My very supportive friend asked for another cake for her sister and this time, it was a cookies and cream cake or the oreo cake. I got more adventurous with this cake and tweaked the recipe of a trusted recipe and made it into a oreo cake. The only thing is, I’m not artistic by nature and needed to do quite a bit of research before I can do decent decoration. I think I might come out with my very own cookies and cream cake!

(makes a 7 inch cake)

Ingredients

To make the sponge cake

  • 105g cake flour
  • 80g caster sugar
  • 65g oreo cookies without the filling (processed)
  • 1/4 tsp salt
  • 1/4 tsp cream of tartar
  • 75g canola oil
  • 75g milk
  • 15g golden syrup
  • 6 egg yolks
  • 6 egg whites

To make the stabilised whipped cream plain and oreo

  • 2 cups whipping cream
  • 8 tsp cold water
  • 2 tsp gelatin powder
  • 65g oreo (processed)

Method

For sponge cake

  1. Preheat the oven at 160 degrees and line the bottom of the cake tin.
  2. Sift the flour and salt together and set aside.
  3. Heat the oil to 70 degrees and after removal from heat, add the sifted flour, whisking to combine.
  4. Add the milk and golden syrup and whisk to combine.
  5. Add the yolks gradually and whisk to combine. Set a side.
  6. To prepare the meringue, beat the egg white till foamy using a balloon whisk.
  7. Add the cream of tartar and continue to beat till soft peak.
  8. Add the sugar gradually and beat till firm peaks.
  9. Adding a third of the meringue to the batter, whisk into the batter. You do not need to be too gentle at this point because the idea is to allow the remaining meringue to mix more easily with the batter.
  10. Pour the batter into the remaining meringue gently and fold the meringue into the batter, being careful not to allow too much air escape.
  11. Add the finely processed oreo crumbs and fold in gently.
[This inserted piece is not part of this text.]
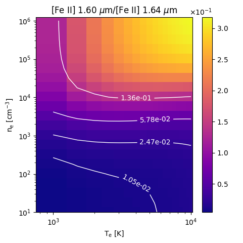 [Fe II] 1.60 µm/[Fe II] 1.64 µm Emissivity Ratio emitted from the ionized gas layer of a PDR as a function of the electron gas temperature Te and electron density ne. We assume that the line emission is in the optically thin limit so that the ratio of emissivities is given by the ratio of volume emissivity. For \({\rm Ar^{+2}}\) , and \({\rm Ar^{+4}}\) , we use CHIANTI ( Dere et al (1997); DelZanna et al. (2022)) using the default values for the A values and collision strengths. For \({\rm Fe^+}\) we substituted the default values in CHIANTI with Einstein A values from Deb & Hibbert (2011) and collision strengths from Smyth et al. (2019) . The emissivity ratios are found in the temperature range from \(T_e=10^3\) K to \(10^4\) K, and the density range from \(n_e = 10^2~{\rm cm^{-3}}\) to \(10^6~{\rm cm^{-3}}\).

I did not use a processor for this as I wanted visible oreo bits in the cake.
  12. Pour the batter into prepared cake tins and place the tin in a tray of boiling water filled to about half of the cake tin.
  13. Place this in the preheated oven and bake for about 60 to 80 minutes or till cooked. You can test if the cake is cooked by inserting a skewer into the cake and if it comes out clean, it is cooked.
  14. Let the cake rest for a while and the sides of the cake should pull away from the sides naturally and you can unmould the cake immediately, otherwise you can cool the cake inverted. Sometimes, I will have problems unmoulding the cake and I assist it by using a spatula to loosen the cake a little. Usually this works, but be careful to be gentle with the cake, so that the cake does not deflate too much.
  15. Allow to cool completely before assembly.

For stabilised whipped cream

  1. Add the gelatin to the cold water in a small saucepan and allow to stand for about 5 minutes.
  2. Heat and allow the gelatin to melt completely. Leave to cool.
  3. Whisk the cold cream to soft peak and add the melted gelatin gradually and whisk to stiff peak.
  4. Add the finely processed oreo crumbs to the cold cream and fold in. For me, I wanted the original cream to cover the cake, so I only added the crumbs to half of the cream. Kept some oreo crumbs for decoration too.
  5. Keep the cream in fridge till ready to use.

To assemble the cake

  1. Using a cake leveler or a knife, cut the cakes into desired number of layers. I wanted 3 layers.
  2. Spread the oreo cream on one layer, placing another on top and repeat till the 3 layers are stacked together.
  3. Crumb coat the cake and leave to chill in fridge for about 30 minutes.
  4. Cover with cream and decorate as desired.

My versions are here and I love how the cake remains soft and fluffy even after 2 days in the fridge.